[Items listed in a dataset]
Start of Block

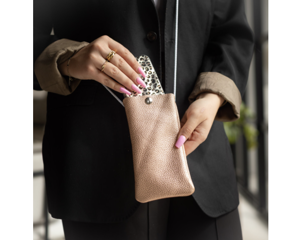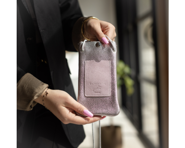 Vous cherchez une pochette de téléphone résolument féminine et élégante ? Ne cherchez plus, La cartablière a concocté pour vous une pochette en cuir pailleté pour y glisser votre téléphone ! Elle se portera en bandoulière, ainsi, plus besoin de chercher votre téléphone au fond de votre sac, le voici à portée de main. Sur le verso de cette pochette, une petite poche en cuir grainé vous permettra de ranger votre carte bleue. De quoi rassembler le strict minimum en un seul accessoire absolument fantaisie !
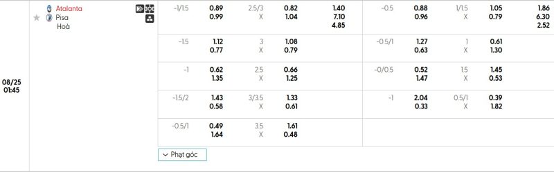 Bảng Tỷ lệ kèo bóng đá Atalanta vs Pisa
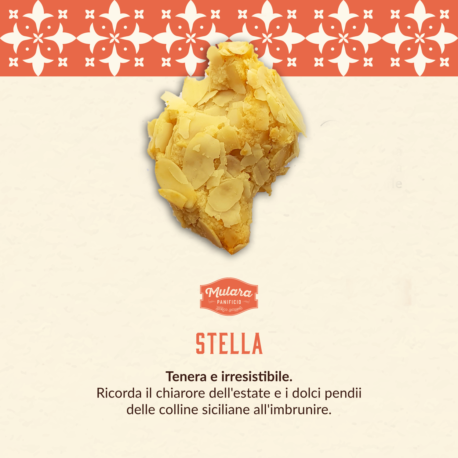 Tenera, delicata e irresistibile, con la sua cascata dorata di mandorle, Stella ricorda il chiarore dell’estate e i dolci pendii delle colline siciliane all’imbrunire, in cui lontano si riscopre il mare.
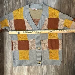 C+D+M Women's M Multicolor Patchwork ColorBlock Button-Up Cardigan Sweater
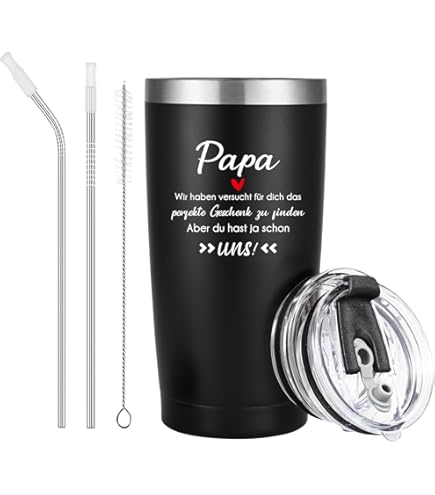 Auf der Suche nach dem perfekten Geschenk für Papa? Das Sinmoe Set hat alles! Enthalten sind ein Thermobecher aus Edelstahl (12 Unzen) mit Deckel und Strohhalm, ein Schlüsselanhänger mit süßem Spruch, ein Kugelschreiber, ne Grußkarte und n Korkuntersetzer. Jedes Teil ist mit liebevollen Botschaften bedruckt, wie 'Bester PAPA der Welt' – ideal für Vatertag, Geburtstag oder Weihnachten. Der Becher hält Getränke warm, der Anhänger verhindert Schlüsselverlust, und die Karte lässt dich persönliche Worte hinterlassen. Alles hochwertig und langlebig, also keine Billigware. Wenn du Papa ne Freude machen willst, die von Herzen kommt, ist dieses Set genau richtig. Einfach auspacken und überreichen – sein Lächeln ist garantiert. Hol es dir und zeig deinem Vater, wie sehr er geschätzt wird – denn er hat ja schon das beste Geschenk: dich!
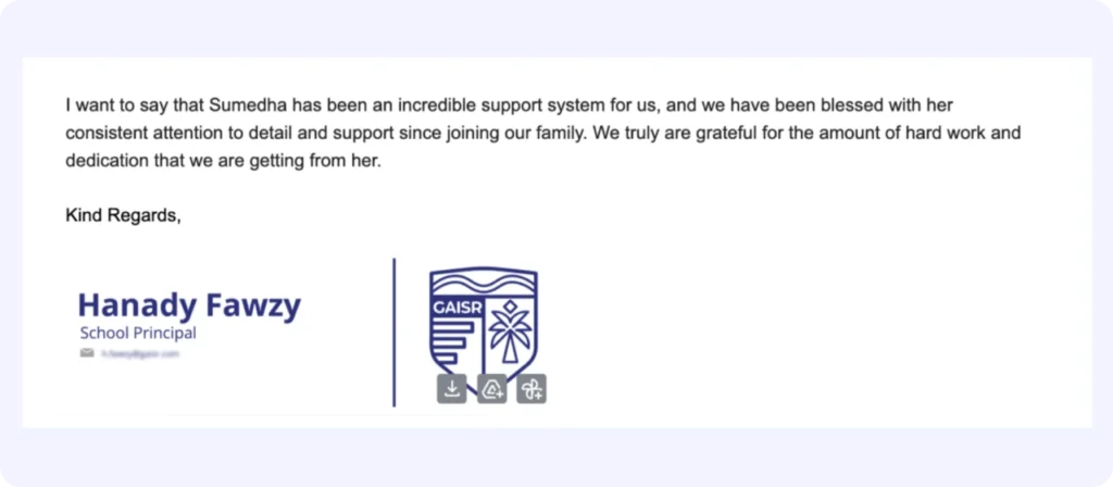 She became a staff member in our school. Not metaphorically. She works from home somewhere in the world, but she’s as integral to our operations as anyone with an office in our building. Ask any teacher at GAISR who Sumedha is, and they’ll tell you instantly. When someone gets stuck, the response becomes automatic: “Send it to Sumedha. She’ll figure it out.”
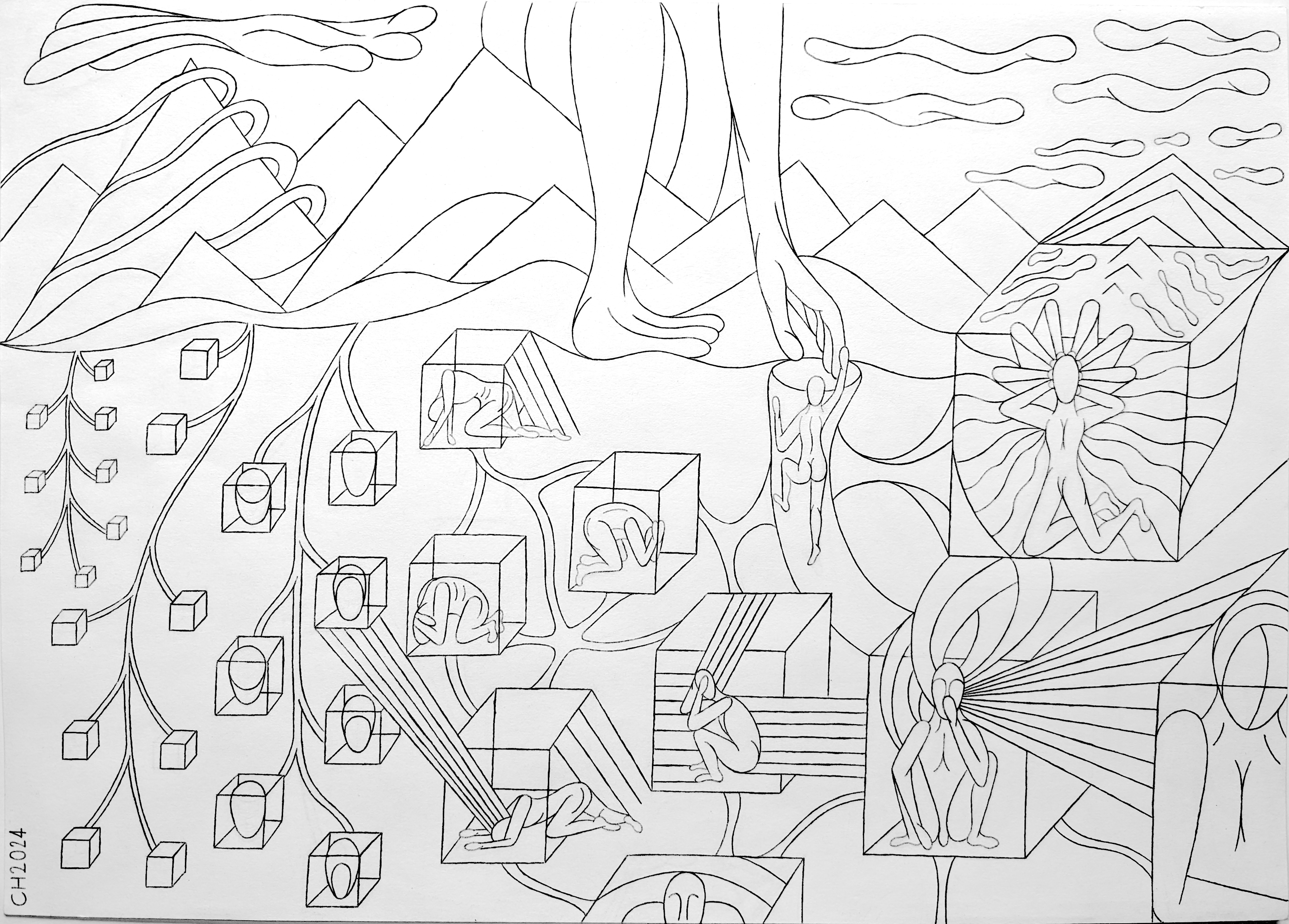 art, cli-fi, drawing, earth, emotions, existence, humanity, humans, illustration, life, memories, mental health, mind, nature, senses, thought
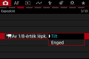 Válassza ki a(z) [: Av 1/8-érték lépk.] lehetőséget ().
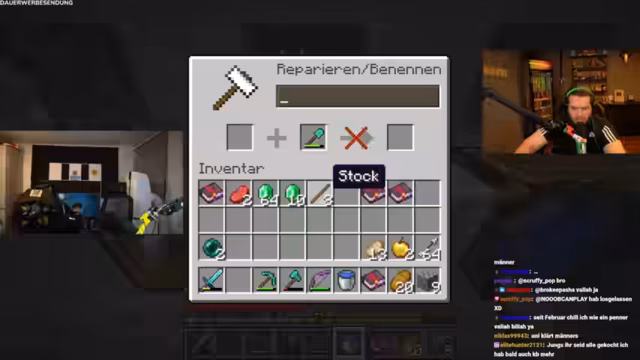 06:47:13Die Streamer stoßen auf erhebliche technische Probleme, die den Ablauf stören. Sie haben Schwierigkeiten, ihre Ausrüstung zu reparieren, und verlieren dabei wertvolle Gegenstände. Die Suche nach bestimmten Gegenständen wie Reparieren-Enchants wird zur Herausforderung, da das Rezept komplex ist und die benötigten Ressourcen schwer auffindbar sind.
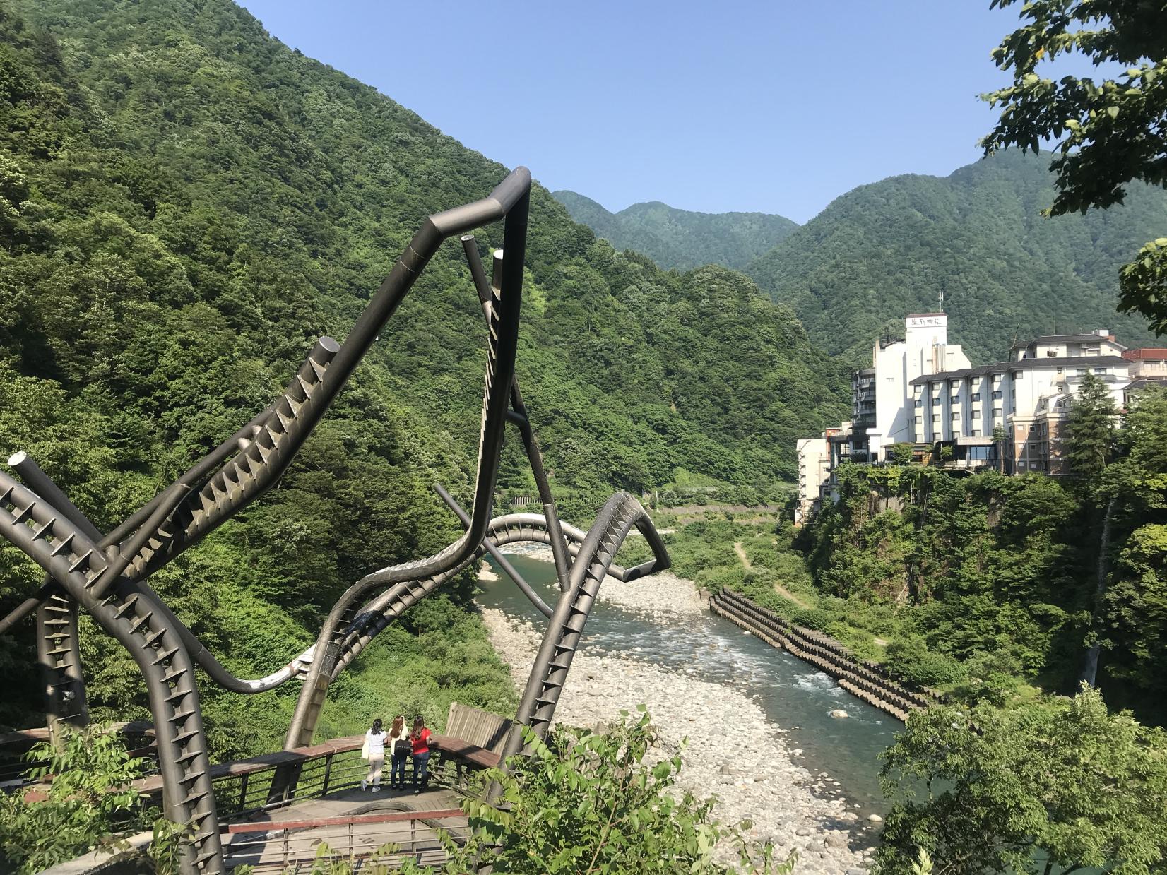 もっと見る温泉街にある謎の巨大オブジェはなんと展望台!スペインの著名建築家エリック・ミラーレスが設計したもので、大空に飛び立つ鳥の姿をイメージしているそう。黒部川や周囲の山並みを一望でき、記念撮影にも最適。
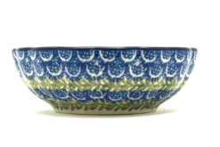Polish Pottery Bowl - Shallow Scalloped - Small - Blue Bells

End of Block

▶ [TASK ITEM] Transcribe all records verbatim, no pictures.

▶ [WRITTEN SOLUTION]
 Vous cherchez une pochette de téléphone résolument féminine et élégante ? Ne cherchez plus, La cartablière a concocté pour vous une pochette en cuir pailleté pour y glisser votre téléphone ! Elle se portera en bandoulière, ainsi, plus besoin de chercher votre téléphone au fond de votre sac, le voici à portée de main. Sur le verso de cette pochette, une petite poche en cuir grainé vous permettra de ranger votre carte bleue. De quoi rassembler le strict minimum en un seul accessoire absolument fantaisie !
 Bảng Tỷ lệ kèo bóng đá Atalanta vs Pisa
 Tenera, delicata e irresistibile, con la sua cascata dorata di mandorle, Stella ricorda il chiarore dell’estate e i dolci pendii delle colline siciliane all’imbrunire, in cui lontano si riscopre il mare.
 C+D+M Women's M Multicolor Patchwork ColorBlock Button-Up Cardigan Sweater
 Auf der Suche nach dem perfekten Geschenk für Papa? Das Sinmoe Set hat alles! Enthalten sind ein Thermobecher aus Edelstahl (12 Unzen) mit Deckel und Strohhalm, ein Schlüsselanhänger mit süßem Spruch, ein Kugelschreiber, ne Grußkarte und n Korkuntersetzer. Jedes Teil ist mit liebevollen Botschaften bedruckt, wie 'Bester PAPA der Welt' – ideal für Vatertag, Geburtstag oder Weihnachten. Der Becher hält Getränke warm, der Anhänger verhindert Schlüsselverlust, und die Karte lässt dich persönliche Worte hinterlassen. Alles hochwertig und langlebig, also keine Billigware. Wenn du Papa ne Freude machen willst, die von Herzen kommt, ist dieses Set genau richtig. Einfach auspacken und überreichen – sein Lächeln ist garantiert. Hol es dir und zeig deinem Vater, wie sehr er geschätzt wird – denn er hat ja schon das beste Geschenk: dich!
 She became a staff member in our school. Not metaphorically. She works from home somewhere in the world, but she’s as integral to our operations as anyone with an office in our building. Ask any teacher at GAISR who Sumedha is, and they’ll tell you instantly. When someone gets stuck, the response becomes automatic: “Send it to Sumedha. She’ll figure it out.”
 art, cli-fi, drawing, earth, emotions, existence, humanity, humans, illustration, life, memories, mental health, mind, nature, senses, thought
 Válassza ki a(z) [: Av 1/8-érték lépk.] lehetőséget ().
 06:47:13Die Streamer stoßen auf erhebliche technische Probleme, die den Ablauf stören. Sie haben Schwierigkeiten, ihre Ausrüstung zu reparieren, und verlieren dabei wertvolle Gegenstände. Die Suche nach bestimmten Gegenständen wie Reparieren-Enchants wird zur Herausforderung, da das Rezept komplex ist und die benötigten Ressourcen schwer auffindbar sind.
 もっと見る温泉街にある謎の巨大オブジェはなんと展望台!スペインの著名建築家エリック・ミラーレスが設計したもので、大空に飛び立つ鳥の姿をイメージしているそう。黒部川や周囲の山並みを一望でき、記念撮影にも最適。
Polish Pottery Bowl - Shallow Scalloped - Small - Blue Bells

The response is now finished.